## Exercise description
Everything from the top of the data below through the line with "En esta ocasión" should be duplicated exactly, and nothing past it.

BEGIN Input data

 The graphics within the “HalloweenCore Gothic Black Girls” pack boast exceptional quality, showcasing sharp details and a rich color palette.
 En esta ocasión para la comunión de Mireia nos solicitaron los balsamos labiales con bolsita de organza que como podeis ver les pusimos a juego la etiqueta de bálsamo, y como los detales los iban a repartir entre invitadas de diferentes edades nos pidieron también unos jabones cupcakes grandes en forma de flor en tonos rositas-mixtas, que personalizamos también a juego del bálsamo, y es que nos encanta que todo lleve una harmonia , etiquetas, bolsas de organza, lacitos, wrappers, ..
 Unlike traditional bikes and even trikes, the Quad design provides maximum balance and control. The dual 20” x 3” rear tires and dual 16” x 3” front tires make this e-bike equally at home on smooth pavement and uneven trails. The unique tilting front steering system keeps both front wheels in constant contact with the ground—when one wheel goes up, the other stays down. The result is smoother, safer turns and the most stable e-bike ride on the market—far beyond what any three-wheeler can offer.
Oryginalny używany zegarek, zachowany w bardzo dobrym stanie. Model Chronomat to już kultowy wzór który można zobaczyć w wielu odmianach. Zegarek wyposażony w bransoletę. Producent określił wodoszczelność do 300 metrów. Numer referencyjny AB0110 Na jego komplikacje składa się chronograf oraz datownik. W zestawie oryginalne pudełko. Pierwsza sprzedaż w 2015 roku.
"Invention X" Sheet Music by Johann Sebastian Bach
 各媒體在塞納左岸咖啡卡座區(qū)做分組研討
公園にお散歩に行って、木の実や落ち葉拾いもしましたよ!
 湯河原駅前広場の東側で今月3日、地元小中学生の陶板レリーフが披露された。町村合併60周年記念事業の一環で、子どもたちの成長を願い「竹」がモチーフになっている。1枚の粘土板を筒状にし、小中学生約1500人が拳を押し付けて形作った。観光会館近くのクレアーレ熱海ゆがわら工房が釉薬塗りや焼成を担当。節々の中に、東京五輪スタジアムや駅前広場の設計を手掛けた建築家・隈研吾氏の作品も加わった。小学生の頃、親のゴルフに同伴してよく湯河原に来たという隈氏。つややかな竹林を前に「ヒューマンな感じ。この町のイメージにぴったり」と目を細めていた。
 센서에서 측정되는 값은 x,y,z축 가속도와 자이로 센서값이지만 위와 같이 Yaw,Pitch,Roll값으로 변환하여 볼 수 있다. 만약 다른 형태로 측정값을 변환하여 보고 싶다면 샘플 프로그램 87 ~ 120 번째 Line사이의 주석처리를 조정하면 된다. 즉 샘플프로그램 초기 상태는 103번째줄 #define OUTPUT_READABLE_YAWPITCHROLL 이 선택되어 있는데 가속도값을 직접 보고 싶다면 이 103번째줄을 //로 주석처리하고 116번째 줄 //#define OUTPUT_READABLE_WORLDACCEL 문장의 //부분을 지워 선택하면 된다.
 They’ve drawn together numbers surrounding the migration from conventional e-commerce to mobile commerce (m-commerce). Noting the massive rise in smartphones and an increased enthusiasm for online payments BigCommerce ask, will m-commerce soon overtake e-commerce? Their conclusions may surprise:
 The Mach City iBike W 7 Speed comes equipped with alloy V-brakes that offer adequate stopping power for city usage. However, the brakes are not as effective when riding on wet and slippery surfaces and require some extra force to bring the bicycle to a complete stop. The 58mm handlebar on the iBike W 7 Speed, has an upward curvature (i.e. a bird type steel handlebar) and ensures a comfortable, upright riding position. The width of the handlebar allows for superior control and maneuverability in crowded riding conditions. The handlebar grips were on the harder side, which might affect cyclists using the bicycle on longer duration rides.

END Input data

## Answer box
 The graphics within the “HalloweenCore Gothic Black Girls” pack boast exceptional quality, showcasing sharp details and a rich color palette.
 En esta ocasión para la comunión de Mireia nos solicitaron los balsamos labiales con bolsita de organza que como podeis ver les pusimos a juego la etiqueta de bálsamo, y como los detales los iban a repartir entre invitadas de diferentes edades nos pidieron también unos jabones cupcakes grandes en forma de flor en tonos rositas-mixtas, que personalizamos también a juego del bálsamo, y es que nos encanta que todo lleve una harmonia , etiquetas, bolsas de organza, lacitos, wrappers, ..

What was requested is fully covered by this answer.